American long jumper

John William Brooks (July 31, 1910 – October 9, 1990) was an American long jumper. He competed in the 1936 Summer Olympics in Berlin, placing seventh in the long jump.

==Career==
Representing the University of Chicago, Brooks placed second behind Lambert Redd at the 1932 NCAA championships with a season-best jump of 25 ft 2 3/4 in (7.69 m). He placed fourth with a leap of 24 ft 10 5/8 in (7.58 m) at the 1932 United States Olympic Trials, missing qualifying for the 1932 Summer Olympics by one place. Brooks won the NCAA championship in 1933, his senior year; he placed second behind Jesse Owens at the Amateur Athletic Union (AAU)'s national outdoor championships that year. He placed third at the AAU meet in 1934 and 1935; he set his lifetime best, 25 ft 5 1/2 in (7.76 m), at the 1935 championships.

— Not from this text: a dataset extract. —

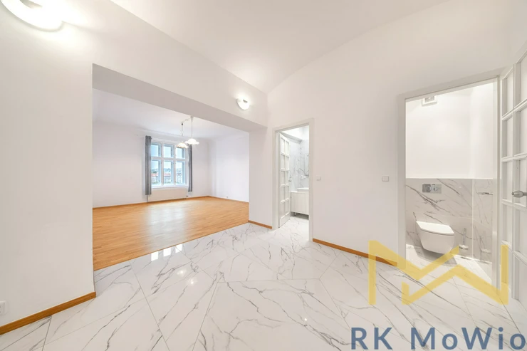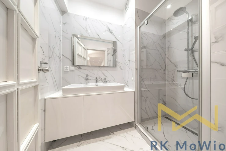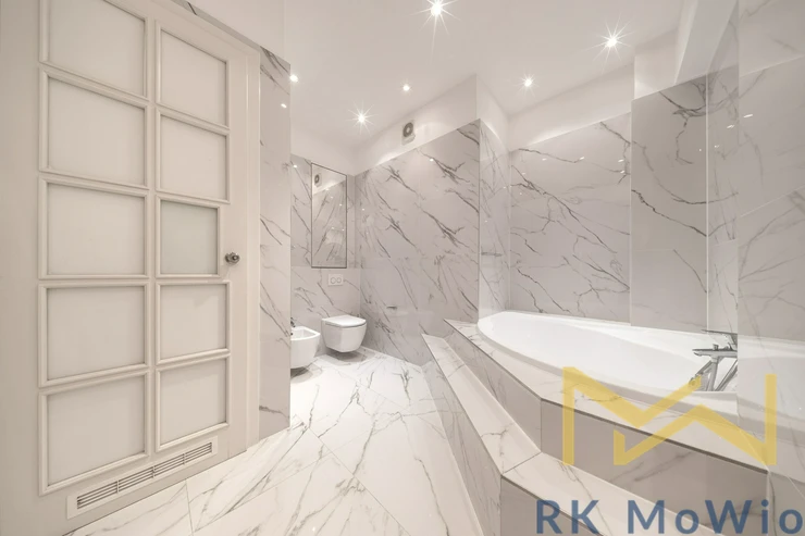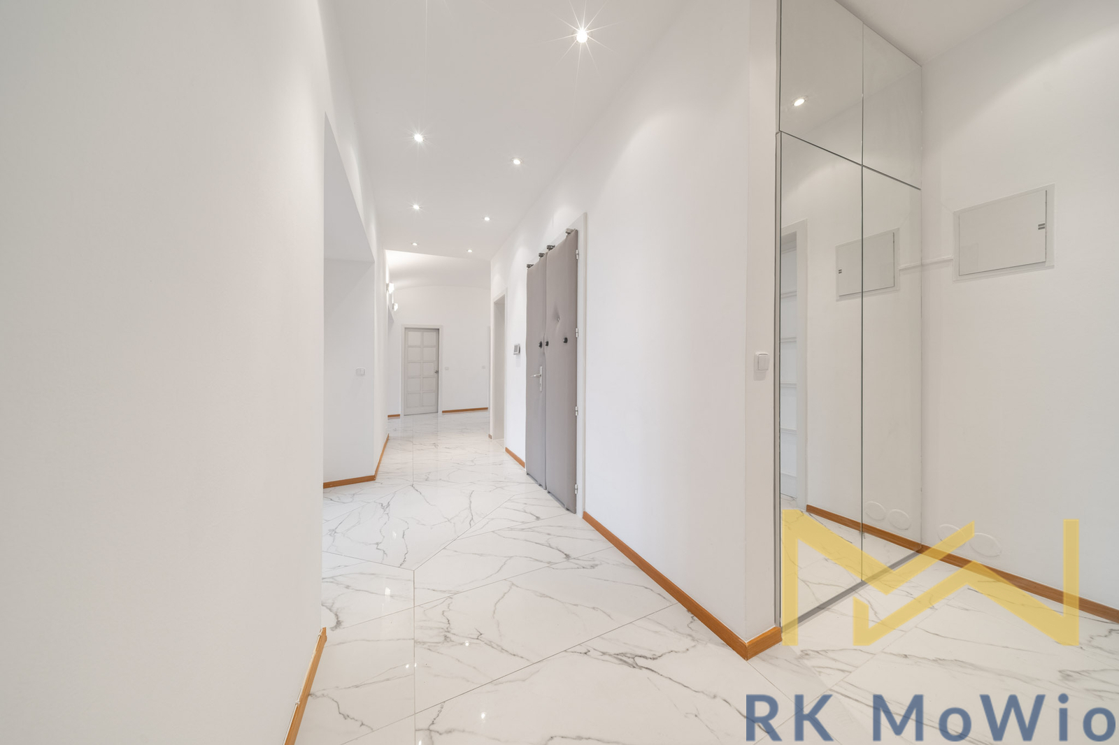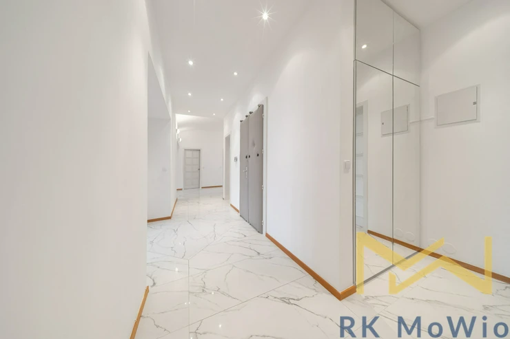 The apartment’s layout includes an entrance hall, a bright living room, a kitchen with a dining area, 4 bedrooms, and 2 bathrooms. The apartment is equipped with a kitchen unit (including a fridge with freezer, ceramic hob, extractor hood, dishwasher, microwave, and electric oven), built-in wardrobes, connections for a washing machine and dryer, and for high-speed internet, wooden floors, and tiles. Parking space can be rented for an additional fee.

At the 1936 Olympic Trials Brooks placed second behind Owens with a jump of 25 ft 3 3/8 in (7.70 m), making the American team for the Olympic Games in Berlin. He placed seventh in the Olympic final, reaching a wind-aided 7.41 m (24 ft 3 3/4 in) on his best attempt. Brooks took second at the AAU meet in 1937, his final podium appearance.

In addition to his own career, Brooks had a role in coaching Tidye Pickett, the first African-American woman to compete in the Olympic Games. In 2016, the 1936 Olympic journey of the eighteen Black American athletes, including Brooks and Pickett, was documented in the film Olympic Pride, American Prejudice.